Moles of CO2 produced = moles of Na2C2O4 * (10 mol CO2 / 10 mol Na2C2O4)
= 0.746 mol * (10 mol CO2 / 10 mol Na2C2O4)
= 0.746 mol CO2
Now, we can calculate the volume of CO2 at the given temperature and pressure.
Ideal Gas Equation:
PV = nRT
Where:
P = pressure in atm
V = volume in liters
n = moles
R = gas constant (0.0821 L.atm/mol.K)
T = temperature in Kelvin
First, we need to convert the temperature from degrees Celsius to Kelvin.
T(K) = T(°C) + 273.15
= 27 + 273.15
= 300.15 K
Now, we can calculate the volume of CO2 using the ideal gas equation.
V = (n * R * T) / P
= (0.746 mol * 0.0821 L.atm/mol.K * 300.15 K) / 1.2 atm
≈ 15.81 L
Therefore, the volume of carbon dioxide released is approximately 15.81 liters.
To determine the volume of carbon dioxide (CO2) released, we need to use the Ideal Gas Law equation, which is given by:
PV = nRT
Where:
P = pressure (in atm)
V = volume (in liters)
n = number of moles of gas
R = ideal gas constant (0.0821 L·atm/(mol·K))
T = temperature (in Kelvin)
First, let's calculate the number of moles of CO2 produced. We'll need the molar mass of CO2, which is 44.01 g/mol.
Given that the reaction yield is 85%, we can calculate the moles of CO2 produced.

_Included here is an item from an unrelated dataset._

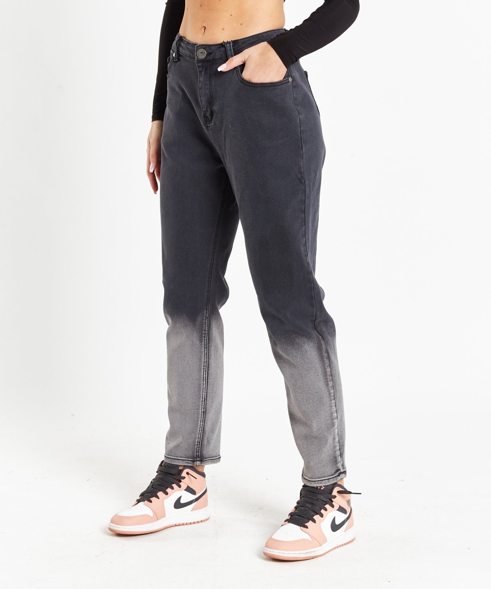 Midori Black Stepped Waist Boyfriend Jeans

Moles of CO2 = (mass of CO2 produced * reaction yield) / molar mass of CO2
Mass of CO2 produced:
The balanced equation shows that the ratio of KMnO4 to CO2 is 2:10. Thus, for every 2 moles of KMnO4, 10 moles of CO2 are produced.

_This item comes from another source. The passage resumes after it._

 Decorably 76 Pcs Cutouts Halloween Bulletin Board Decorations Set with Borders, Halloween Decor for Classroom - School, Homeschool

Molar mass of KMnO4 = (39.10 g/mol * 1) + (54.938 g/mol * 1) + (16.00 g/mol * 4)
= 39.10 + 54.938 + 64.00
= 158.038 g/mol
Moles of KMnO4 = mass of KMnO4 / molar mass of KMnO4 = 100 g / 158.038 g/mol
≈ 0.633 mol
Moles of CO2 = (0.633 mol KMnO4 * 10 mol CO2) / 2 mol KMnO4
= 3.165 mol
Next, let's convert the temperature from degrees Celsius to Kelvin:
T(in Kelvin) = T(in Celsius) + 273.15
T = 27 + 273.15
T = 300.15 K
Now, we can calculate the volume of CO2 using the Ideal Gas Law equation:
PV = nRT
V = (nRT) / P
= (3.165 mol * 0.0821 L·atm/(mol·K) * 300.15 K) / 1.2 atm
≈ 63.04 L
Therefore, the volume of carbon dioxide (CO2) released is approximately 63.04 liters.